Summary
- Only three certificate authorities issue VMCs in 2026 - DigiCert, GlobalSign, and SSL.com, per the BIMI Group issuer list. Entrust, which issued our first certificate in 2022, is gone from that list
- Five quote processes in May and June 2026, and the quotes we could extract ran from $780 to $1,305 per year - for the same one-year certificate; one vendor never returned a number. The cheapest was VMCcerts reselling the GlobalSign chain, quoted 2026-05-14; the priciest was GlobalSign direct
- Negotiation moved SSL Dragon from $1,049 list to $850 per year - we paid $2,550 for a 3-year DigiCert-chain term on 2026-06-15, which is $210 above the cheapest quote, traded for chain certainty and a US contracting entity
- No registered trademark means no checkmark - a common mark certificate shows the logo in Gmail without the blue tick, and our own validation has already run two-plus weeks. We answer whether the checkmark pays separately, with our own data
Ask what a verified mark certificate costs and you will mostly meet quote forms and chat widgets. Both certificate authorities we contacted directly routed us into sales threads, and so did several of their resellers. We had to email strangers to learn a price. In 2026.
So we collected the numbers ourselves. Between 2026-05-14 and 2026-06-15 we ran quote processes with GlobalSign, SSL.com, SSL Dragon, and VMCcerts, kept our incumbent renewal offer as a fifth reference point, pushed back where a thread was live, and ended up paying $2,550 for a 3-year DigiCert-chain certificate. Every number below carries the date we received it, because VMC pricing moves and an undated price is barely better than no price. The certificate is the paid half of BIMI: the DNS record and the SVG logo cost nothing to publish, and the Gmail checkmark is the part the money buys.
Why we were shopping at all, and how the incumbent relationship ended, is its own post. This one is the buyer’s guide we went looking for in April 2026 and never found.
Who can even issue a VMC?
Three certificate authorities can, as of early July 2026. The BIMI Group’s official issuer list names DigiCert, GlobalSign, and SSL.com as the mark verifying authorities. Entrust, the CA behind our first certificate in 2022, no longer appears there; that exit collided with our renewal in ways we didn’t enjoy.
The same page carries a line worth reading twice before you spend anything: “Inclusion on this list does not guarantee that a Mailbox Provider will honor your Cert.” You’re buying an entry ticket, not a guarantee.
There are also two certificate types, and the difference decides your budget before any vendor does. A verified mark certificate requires a registered trademark and earns the blue checkmark in Gmail. A common mark certificate needs no trademark and shows the logo without the checkmark. That split comes straight from Google’s September 2024 update: “With a CMC, the sender’s brand avatar will be displayed without the Gmail verified checkmark that’s displayed for VMCs.”

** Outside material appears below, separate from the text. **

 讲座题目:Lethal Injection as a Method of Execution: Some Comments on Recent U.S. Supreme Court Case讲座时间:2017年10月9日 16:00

Google’s Workspace BIMI requirements add the prerequisite people forget. Your DMARC policy has to sit at p=quarantine or p=reject. A domain at p=none gets no logo from either certificate type, no matter what you spend.

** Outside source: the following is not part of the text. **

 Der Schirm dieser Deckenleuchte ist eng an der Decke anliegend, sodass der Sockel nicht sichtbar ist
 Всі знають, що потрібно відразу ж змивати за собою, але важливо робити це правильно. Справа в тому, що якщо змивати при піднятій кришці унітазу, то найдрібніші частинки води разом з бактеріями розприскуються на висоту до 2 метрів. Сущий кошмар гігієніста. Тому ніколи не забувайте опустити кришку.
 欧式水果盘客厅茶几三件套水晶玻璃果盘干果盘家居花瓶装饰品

Vendors themselves check which product you mean. On 2026-06-09, mid-negotiation, Red Sift asked us: “To clarify, are you wanting to keep your BIMI VMC or a CMC?” Our reply, typo preserved: “Its the full blue-checkbox version (official, blue checkmark in gmail)”. If you hold a registered trademark, the VMC is the product this guide prices.
The quotes we actually got, with dates
On 2026-05-14 we sent outreach to four vendors: GlobalSign direct, SSL.com direct, SSL Dragon, and VMCcerts. VMCcerts came back the same day with both chains priced. SSL Dragon replied on 2026-05-15 with DigiCert list pricing. One vendor took a month to become legible, and one number never arrived at all.
| Vendor | Chain | 1 yr | 3 yr total | Per yr on 3 yr | Quoted | Outcome |
|---|---|---|---|---|---|---|
| VMCcerts (SSL2BUY EMEA LLC) | GlobalSign | $900 | $2,340 | $780 | 2026-05-14 | Cheapest quote |
| VMCcerts (SSL2BUY EMEA LLC) | DigiCert | $1,350 | $3,600 | $1,200 | 2026-05-14 | Passed |
| SSL Dragon (GPI Holding LLC) | DigiCert | $1,249 | $3,147 | $1,049 | 2026-05-15 | List price |
SSL Dragon, coupon 3YEARVMCO | DigiCert | n/a | $2,673 | $891 | 2026-05-16 | 15% off list |
| SSL Dragon, final offer | DigiCert | n/a | $2,550 | $850 | 2026-06-05 | What we bought |
| GlobalSign direct | GlobalSign | $1,450 | $3,915 | $1,305 | extracted 2026-06-14 | Eliminated |
| SSL.com direct | SSL.com | n/a | n/a | n/a | never extracted | Self-eliminated |
| Red Sift (incumbent, 1-yr renewal) | DigiCert | $1,608 | n/a | n/a | signed 2025-06-06 | Context |
For reference, DigiCert direct ran about $1,499 to $1,550 per year, GoGetSSL (a DigiCert reseller) $1,474, and the going GlobalSign-direct figure near $1,299. Those are figures from our own May 2026 research notes, not quotes anyone mailed us. Against that backdrop, $780 to $850 per year is a different market than the one the list prices describe.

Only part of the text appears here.